Eastern Stick style

Eastern Stick style

(1855–1900)An American residential style characterized by exposed framing overlaid on clapboard in horizontal, vertical, or diagonal patterns to suggest the frame structure underneath. Steeply pitched gable roofs, cross gables, towers and pointed dormers, and porches and verandas are also characteristic. Oversized corner posts, purlins, brackets, and railings complement decorative woodwork produced by the stickwork.

Stick style

Stick style An eclectic style of domestic architecture in the United States primarily from about 1860 to 1890, mainly of wood-frame construction; usually asymmetric in both plan and section; has applied ornamentation in the form of wood boards on the exterior surfaces that is intended to express the inner structure of the building.
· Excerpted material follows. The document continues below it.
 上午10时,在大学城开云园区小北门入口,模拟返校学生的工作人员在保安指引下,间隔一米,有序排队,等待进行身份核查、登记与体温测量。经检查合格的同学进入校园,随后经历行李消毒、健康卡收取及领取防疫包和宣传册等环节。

Buildings in this style usually include some of the following characteristics: a façade of clapboard or board-and-batten siding with structural framing materials used as exterior ornamentation or wood boards prominently applied in patterns on wall surfaces; prominent structural corner posts; spacious porches, decorated in wood with simple diagonal braces or brackets; a steeply pitched gable roof, often with intersecting gables and/or cross gables; eaves with a significant overhang, often supported by large diagonal brackets; exposed roof trusses and rafters; corbeled chimneys.